Protecting Cattle from Summer Heat

Hot or cold, extreme temperatures can challenge cattle’s health. Typical summer stressors, like heat, dust, crowding and a change in nutritional profile, amplify a range of risks, including bovine respiratory disease (BRD). To maintain healthy herds and consistent performance, producers need to understand how cattle respond to heat in order to make good decisions about the health of their animals during the summer months.

Cattle are affected by heat differently than most animals. Not only do they have to deal with environmental temperatures, but in ruminating animals the heat of fermentation also has an effect. Unable to sweat as humans do, cattle cope with heat stress by increasing respiration and water intake, backing off feed and staying close to areas with shade or water. These strategies minimize heat created by movement and digestion, but invite crowding and nutritional instability. Heat tolerance varies widely across breeds, but constant temperatures of 75 degrees or above is usually enough to trigger a stressful event.
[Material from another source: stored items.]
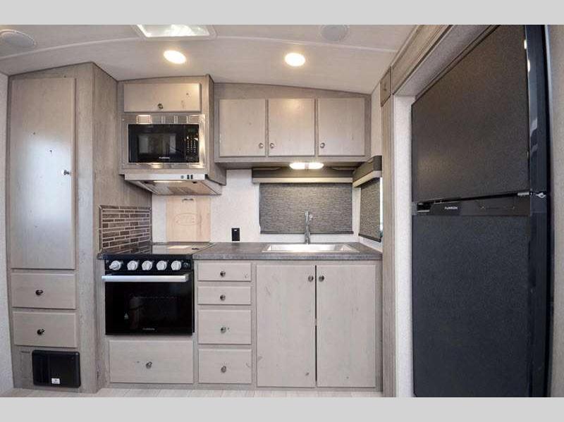Each model includes a cathedral arched ceiling, roller bearing drawer glides, LED lighting, plus ample storage space for your personal belongings. Outside, you'll appreciate an exterior shower to wash off camp gear, along with a 12V LED awning with adjustable pitch for an inviting outdoor living space. Each model also includes the SolX 4-400 Watt Solar Package for off-grid capabilities!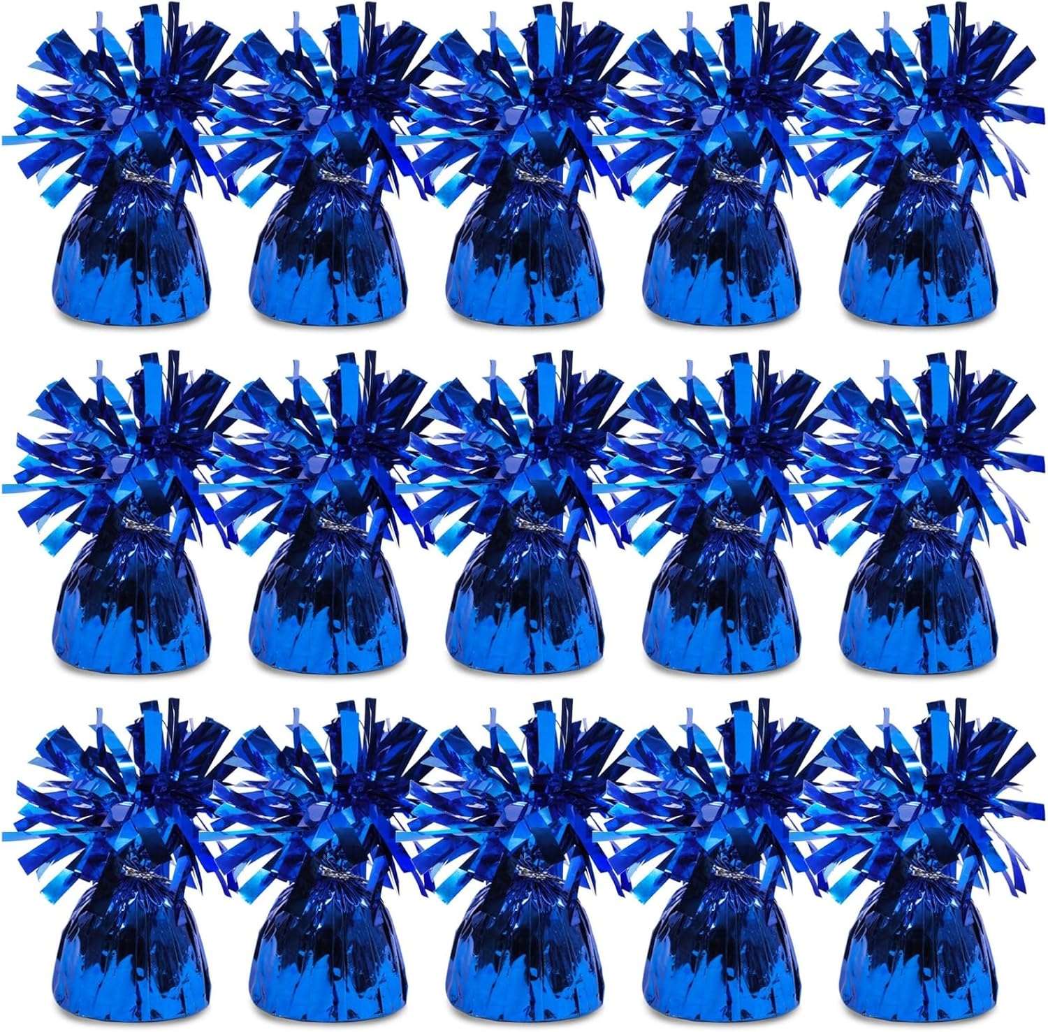 BLUE PANDA Blue Balloon Weights - 4.5 In H x 2.5 In Dia, 6 Oz, Metallic Foil, Pack of 15 - Table Weights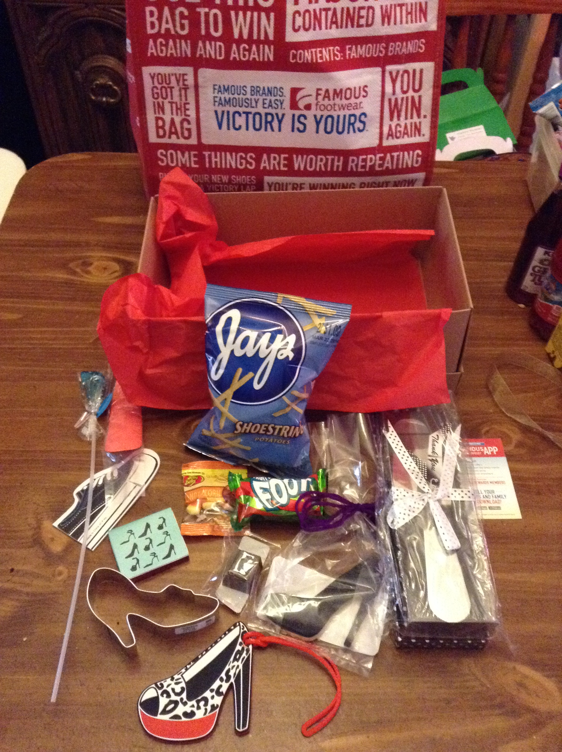Shoe theme – The sisterhood of one of the local shuls always does beautiful, elaborate shaloch manos as a fundraiser. They come up with wonderful themes each year. Last year’s was shoes. The container was a shoebox of course, and inside were a shoe cookie cutter, a shoe-shaped cake knife, shoe luggage tag, a shoe notepad, shoestring potatoes, fruit by the foot, a shoe-shaped cookie, and more. They even put it all in a canvas bag from Famous Footwear!
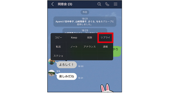 そんなときは「リプライ」機能を使って、どのトークに対する返事なのかを明確にしよう。リプライするには、返信したいトークを長押しして、「リプライ」を選択。あとは返事を入力して送信する。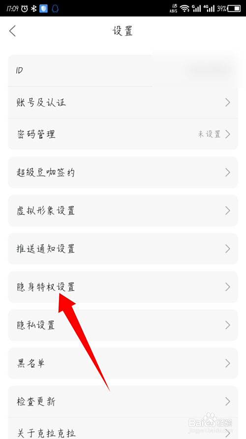 在设置里面,就能看到隐身特权设置选项了,点击进入。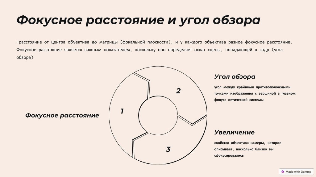 Фокусное расстояние и угол обзора-расстояние от центра объектива до матрицы (фокальной плоскости), и у каждого объектива разное фокусное расстояние.

Secondary consequences of heat, like decreased forage quality and throat and lung irritation from dry, dusty air, add to the risk of all forms of BRD, including summer pneumonia, acidosis or impaired reproductive readiness. Combating heat stress starts with an ample, well-spaced water source. This, along with adequate cover and shade, preferably oriented to take advantage of any prevailing breezes, will help to reduce crowding and give animals a rest from direct sunlight by allowing their bodies to dissipate heat via conduction. This also can be done by wetting the cattle under sprinklers to provide a cooling effect and limit dust.

Cattle will congregate around water in periods of heat stress. This can have a detrimental effect on pasture quality, contaminate water sources and negatively affect nutrient utilization in your operation.  Hot conditions not only reduce intake at the bunk and change the nutritional value of forage, they can affect water quality. Water sources that were once safe can now have levels of detrimental components. Constant monitoring and consultation with a nutritionist can help producers determine if a supplement is necessary to complete the ration or forage already provided.

The specific challenges of every region and every operation are different. Remember that taking a multi-step approach may help shed more light than dealing with individual cases on a day-to-day basis. How do you prepare your facilities and your cattle for the challenges of summer?